The numbers behind the AI arms race

The individual spending commitments are staggering even by Big Tech standards. Amazon leads the pack with roughly $200 billion earmarked for AI-related capital expenditures in 2026. Alphabet is targeting between $175 billion and $190 billion. Microsoft’s range sits at approximately $120 billion to $190 billion, while Meta has guided between $115 billion and $145 billion.

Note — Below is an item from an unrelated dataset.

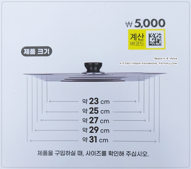 최소 지름 23cm에서, 최대 31cm 냄비나 궁중팬에 사용할 수 있다고 되어 있네요.

Oracle rounds things out at around $50 billion.

Goldman Sachs has attempted to put the longer-term trajectory into perspective, projecting that cumulative hyperscaler capital expenditures could land between $5.3 trillion and $7.6 trillion from 2025 through 2030.

Q1 2026 capital expenditures for these firms reached a record $130 billion-plus combined.

Where the cuts are actually happening

Job cuts across the tech sector have continued through July 2026, with companies explicitly framing layoffs as a strategic reallocation toward AI investments.

Usage caps on AI tools like Anthropic’s Claude have emerged, suggesting that even within the AI ecosystem, companies are getting more selective about how they deploy resources.

The crypto angle nobody’s talking about

Decentralized computing networks reportedly offer savings of up to 75% compared to conventional cloud computing.

What this means for investors

Goldman Sachs’ projection of up to $7.6 trillion in cumulative spending through 2030 suggests that even if individual quarters show some moderation, the long-term trajectory remains aggressively upward.